Inventors: Canick; Jacob A. (Newton, MA); Wald; Nicholas J. (London, GB); Haddow; James E. (Sebago Lake, ME); Cuckle; Howard S. (London, GB) Assignee: 3i Research Exploitation Limited (London, GB2) Appl. No.: 908875 Filed: July 7, 1992

Primary Examiner: Parr; Margaret Assistant Examiner: Grun; James L. Attorney, Agent or Firm: Nixon & Vanderhye United States Patent 5,506,150 April 9, 1996

Parent Case Text
This is a continuation of application Ser.
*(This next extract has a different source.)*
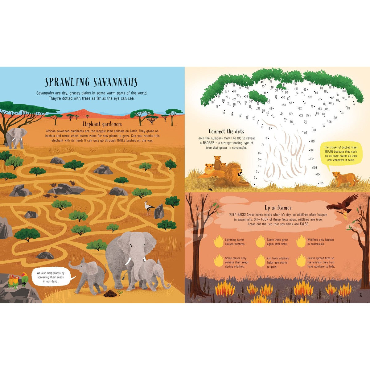 The puzzles and activities in this book will take your child to the furthest corners of the Earth. They'll spot wildlife in the Amazon Rainforest and find a wonderful array of corals in the Great Barrier Reef to colour in. Then they'll discover the highest mountains on all the world's continents and identify volcanoes around the Pacific Ocean in the Ring of Fire. And when they come to reunite a herd of elephants on the African savanna, they'll learn why these amazing creatures are rather like gardeners.

No. 07/457,687, filed Jan. 9, 1990, now abandoned.

Claims
We claim:

1. A screening method to determine if a pregnant woman is carrying a fetus having an increased risk of Down's syndrome comprising the steps of:

(a) obtaining a sample of serum from the pregnant woman at a stage before the beginning of the third trimester of pregnancy,

(b) immunologically assaying said sample to determine a level of at least one primary serum constituent selected from the group consisting of unconjugated oestriol, progesterone, and dehydroepiandrosterone sulfate,

(c) comparing the level of the at least one primary constituent determined for the sample with control levels of the at least one primary constituent determined for serum samples obtained at said stage of pregnancy from women carrying fetuses known to be affected or unaffected by Down's syndrome, and thereby determining an increased risk of Down's syndrome fix the fetus carried by the woman.

2. The method as claimed in claim 1 which comprises the additional step of:

(d) determining the maternal age of the pregnant woman, wherein advanced maternal age is indicative of an increased risk of Down's syndrome for the fetus carried by the woman.

3. The method as claimed in claim 1 which comprises the additional steps of:

(d) immunologically assaying said sample or another sample of serum from the pregnant woman obtained at a stage before the beginning of the third trimester of pregnancy to determine a level of another maternal serum constituent which is alpha-fetoprotein,

(e) comparing the level of alpha-fetoprotein determined for the sample or the another sample to control levels of alpha-fetoprotein determined for serum samples obtained at said stage of pregnancy from women carrying fetuses known to be unaffected by Down's syndrome, wherein a decreased level of alpha-fetoprotein in the sample or the another sample from the woman is indicative of an increased risk of Down's syndrome for the fetus carried by the woman.

4. The method as claimed in claim 3 which comprises the additional step of:

(f) determining the maternal age of the pregnant woman, wherein advanced maternal age is indicative of an increased risk of Down's syndrome for the fetus carried by the woman.

5. The method as claimed in any one of claims 1 to 4 which comprises the additional steps of:

(g) immunologically assaying said sample or said another sample to determine a level of another maternal serum constituent which is human chorionic gonadotrophin,

(h) comparing the level of human chorionic gonadotrophin determined for the sample or the another sample to control levels of human chorionic gonadotrophin determined for serum samples obtained at said stage of pregnancy from women carrying fetuses known to be unaffected by Down's syndrome, wherein an increased level of human chorionic gonadotrophin in the sample or the another sample from the woman is indicative of an increased risk of Down's syndrome for the fetus carried by the woman.

6. The method according to claim 5 wherein the at least one primary constituent is unconjugated oestriol, and levels of both alpha-fetoprotein and human chorionic gonadotrophin are determined.

7. The method according to claim 5 wherein the at least one primary constituent is both dehydroepiandrosterone sulfate and unconjugated oestriol, and levels of both alphafetoprotein and human chorionic gonadotrophin are determined.

Description
BACKGROUND OF THE INVENTION

This invention relates to antenatal screening for risk of Down's Syndrome in a foetus.

Risk of Down's syndrome in a foetus is known to increase with the age of the mother and it is this fact which forms the basis for selection of mothers for further investigation. Further testing involves sampling of the amniotic fluid by amniocentesis, a procedure which is not completely free from risk to the mother or foetus induction of miscarriage being a recognised hazard.

The amniotic fluid test for Down's syndrome (the recognition of an extra chromosome 21 in foetal cells) is diagnostic.

There is a need for a screening method which will identify pregnancies most at risk so as to justify amniocentesis with its attendant risks.

An object of the present invention is to provide an improved screening procedure.

[...]

In many existing screening programmes about 5% of women are selected for amniocentesis on the basis of advanced age alone. The method of this invention using assays for AFP, hCG, and unconjugated oestriol, in combination with maternal age detects over 60% of affected pregnancies, more than double that achievable with the same amniocentesis rate in existing screening programmes. As an illustration, this method has the potential to reduce the number of Down Syndrome births in the United Kingdom from about 900 per year, in the absence of screening, to about 350 per year.

The rate of detection may be further enhanced by ultrasound screening, using, for example, fetal femur length measurement as a complementary technique.